— Given information —
'''

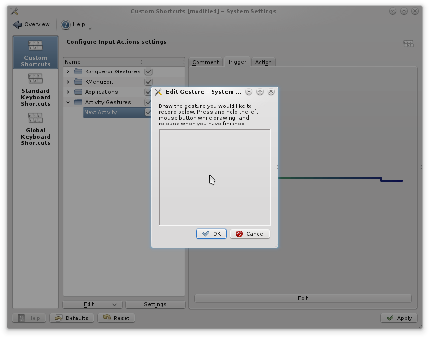 Before we can add new mouse gestures we need a command to switch activities and to show the activity manager. I couldn’t find any specific D-Bus calls to achieve this, but all shortcuts in KDE Software can be called using D-Bus. (There’s a “Send Keyboard Input” option in the System Settings module , but I can’t get it to invoke keyboard shortcuts.)
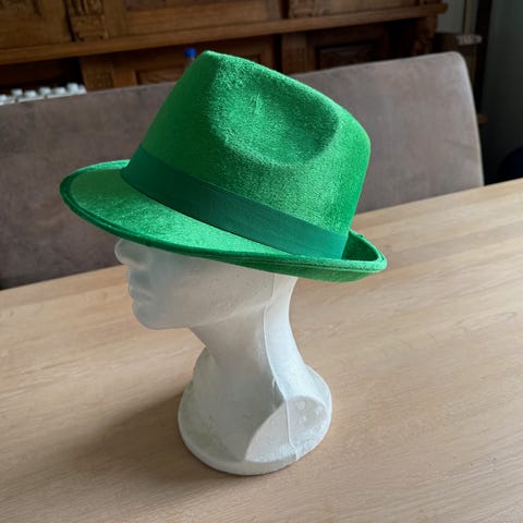 Selger fedora hatt. Brukt en gang so sjåør i brudebil. Ettermontert hvitt silkebånd.
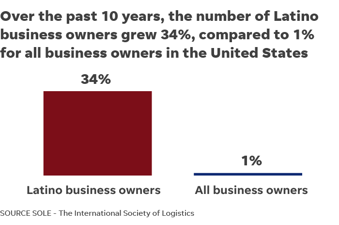 The number of Latino business owners has jumped 34% over the last decade, in comparison to 1% for all other business owners.
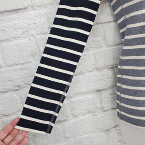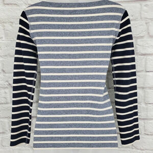 Details: Pullover Sweater Gray White Black Stripe Long Sleeve Sweater,

'''

— Exercise prompt —
The required output is the lines from the one containing "The number of" through the end of the data, printed exactly, with no pictures.

— Solution for this exercise —
 The number of Latino business owners has jumped 34% over the last decade, in comparison to 1% for all other business owners.
 Details: Pullover Sweater Gray White Black Stripe Long Sleeve Sweater,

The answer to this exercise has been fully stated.